Lorsqu’on se confronte à ses sophistications, il devient clair que les (x) sont plus rares qu’on ne le penserait de prime abord. Pour donner un exemple de (x) auquel nous reviendrons en parlant de l’aspect appropriatif, « Antarctique » en est un (cette partie, 6.1.1). « L’Antarctique est public », ou « l’Antarctique est privé » sont des énoncés de prime abord bien formés, mais qui nous semblent dénués de sens. De plus, aucun mot ne peut être intercalé de manière à leur donner un sens : « l’Antarctique est un lieu public », « l’Antarctique est de notoriété publique » sont des énoncés dénués de sens. Enfin, « l’Antarctique est un bien public » semble doué de sens mais est un énoncé métaphorique : il est produit dans l’idée de faire référence à l’Antarctique en tant que bien public de la société politique mondiale, société qui n’existe pas à strictement parler. L’énoncé en question n’est d’ailleurs pas ordinaire. Si nous disons maintenant que « la protection de l’Antarctique est d’intérêt public », le sujet logique est « la protection de l’Antarctique », non « l’Antarctique ». En conclusion, « Antarctique » est bien un (x), autrement dit tombe en dehors du champ de prédication. R2 indique donc que les x appartiennent au champ de prédication, que les (x) n’y appartiennent pas, et nous pouvons maintenant considérer qu’il existe des x et des (x). Cette règle ne parvient pas pour autant à nous dire comment situer la limite de ce champ, raison pour laquelle j’ai développé un exemple. Elle nous dit seulement que c’est exclusivement avec des x qu’on parvient à construire des propositions douées de sens, mais ne nous dit pas quels sont ces x296.
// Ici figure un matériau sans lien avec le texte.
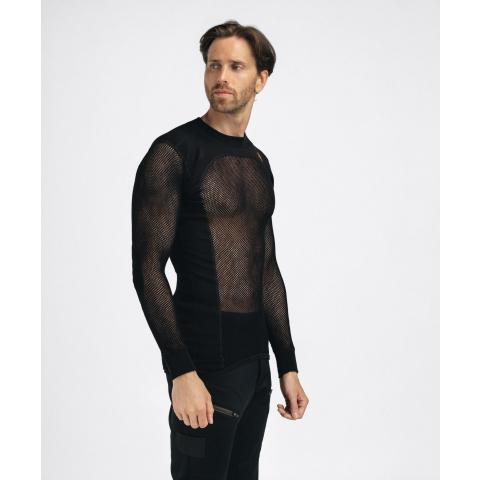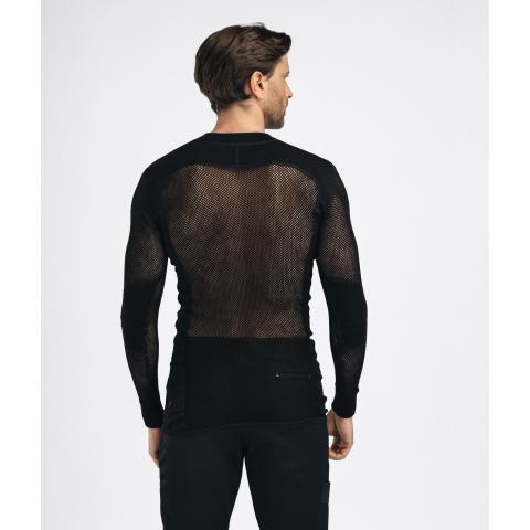 Miesten ainutlaatuinen pitkähihainen verkkoaluspaita. Lämpötilan hallinnan ja mukavuuden kannalta luonnonkuitujen yhdistäminen tekokuituihin on ylivoimaisen hyvä ratkaisu. WoolNet-rakenne, jossa käytetään pehmeää merinovillaa, on aina sopivan lämpöinen ja erittäin hyvin hengittävä. Kuitu imee jopa 30 % kosteutta itseensä, ennen kuin se alkaa tuntua märältä.

Montrer pourquoi les propositions ayant le nom d’un x pour sujet sont douées de sens alors que celles ayant le nom d’un (x) pour sujet ne le sont pas n’est pas une tâche logique, mais sémantique. C’est l’intension des x qui est en jeu dans cet effort. On se rappellera donc simplement qu’il se circonscrit en trois temps. D’abord, l’opposition public-privé relève du domaine du nomos. Plus précisément, elle est institutionnelle, au sens des faits institutionnels (cette partie, 7.2). Ensuite, elle se dit dans le cadre d’une partie séparée des autres de ce domaine : d’un ordre juridique souverain, en cela détaché des ordres juridiques « externes », à savoir d’une société politique. Enfin, elle se dit à strictement parler dans le cadre d’un certain type de société politique, la république (la partie III sera consacrée à le mettre en évidence). Le champ de prédication strict de nos prédicats est donc une république quelconque donnée. Il y a aussi des cas non stricts, qui seront abordés.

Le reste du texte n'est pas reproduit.